WHAT YOU ARE ASKED TO DO: Only the lines of the data below from the one with "W zestawie znajduje" through the one with "1、一目了然的目标进度状态,里面采用环状统计图展示了相应的目标进度状态;" are wanted. Repeat them exactly.
(DATA FOR THIS EXERCISE begins)
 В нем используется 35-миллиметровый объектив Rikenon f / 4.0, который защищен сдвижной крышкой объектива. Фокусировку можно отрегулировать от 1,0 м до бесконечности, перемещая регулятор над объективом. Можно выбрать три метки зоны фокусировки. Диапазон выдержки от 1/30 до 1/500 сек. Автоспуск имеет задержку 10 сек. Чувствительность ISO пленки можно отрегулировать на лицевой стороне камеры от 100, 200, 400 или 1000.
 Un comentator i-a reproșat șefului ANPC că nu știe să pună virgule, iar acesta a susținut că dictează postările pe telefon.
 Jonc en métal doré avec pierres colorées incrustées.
(DATA FOR THIS EXERCISE ends)
(DATA FOR THIS EXERCISE begins)
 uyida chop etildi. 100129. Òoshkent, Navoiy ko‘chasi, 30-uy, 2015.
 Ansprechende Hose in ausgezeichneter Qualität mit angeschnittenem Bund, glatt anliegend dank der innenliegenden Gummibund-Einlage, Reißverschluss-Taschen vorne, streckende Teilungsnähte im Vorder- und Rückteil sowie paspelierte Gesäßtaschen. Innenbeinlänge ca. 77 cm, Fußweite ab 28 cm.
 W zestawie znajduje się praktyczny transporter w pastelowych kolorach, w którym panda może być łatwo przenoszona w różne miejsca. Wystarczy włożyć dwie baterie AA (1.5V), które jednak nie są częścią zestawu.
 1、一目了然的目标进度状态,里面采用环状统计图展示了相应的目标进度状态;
(DATA FOR THIS EXERCISE ends)
(DATA FOR THIS EXERCISE begins)
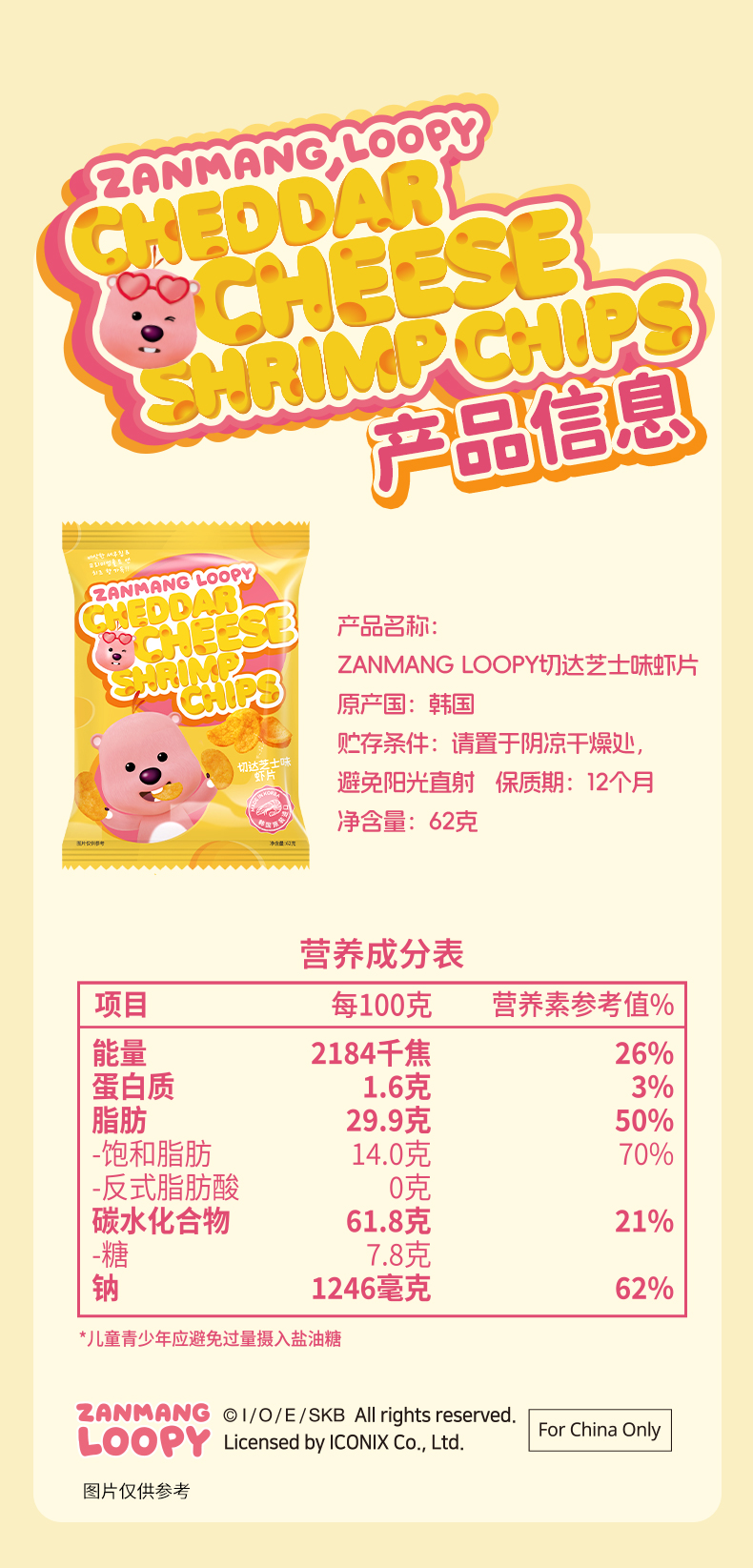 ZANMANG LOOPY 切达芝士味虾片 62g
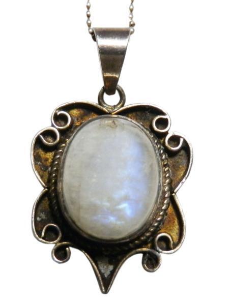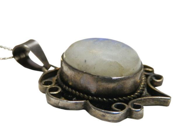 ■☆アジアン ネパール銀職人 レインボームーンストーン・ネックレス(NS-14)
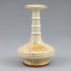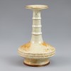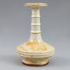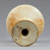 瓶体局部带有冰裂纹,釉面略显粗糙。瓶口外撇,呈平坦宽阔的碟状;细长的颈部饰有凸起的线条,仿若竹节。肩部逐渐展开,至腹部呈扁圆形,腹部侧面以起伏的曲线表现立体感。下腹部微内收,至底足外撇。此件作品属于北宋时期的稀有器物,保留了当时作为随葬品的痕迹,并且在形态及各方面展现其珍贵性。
(DATA FOR THIS EXERCISE ends)
EXERCISE RESULT:
 W zestawie znajduje się praktyczny transporter w pastelowych kolorach, w którym panda może być łatwo przenoszona w różne miejsca. Wystarczy włożyć dwie baterie AA (1.5V), które jednak nie są częścią zestawu.
 1、一目了然的目标进度状态,里面采用环状统计图展示了相应的目标进度状态;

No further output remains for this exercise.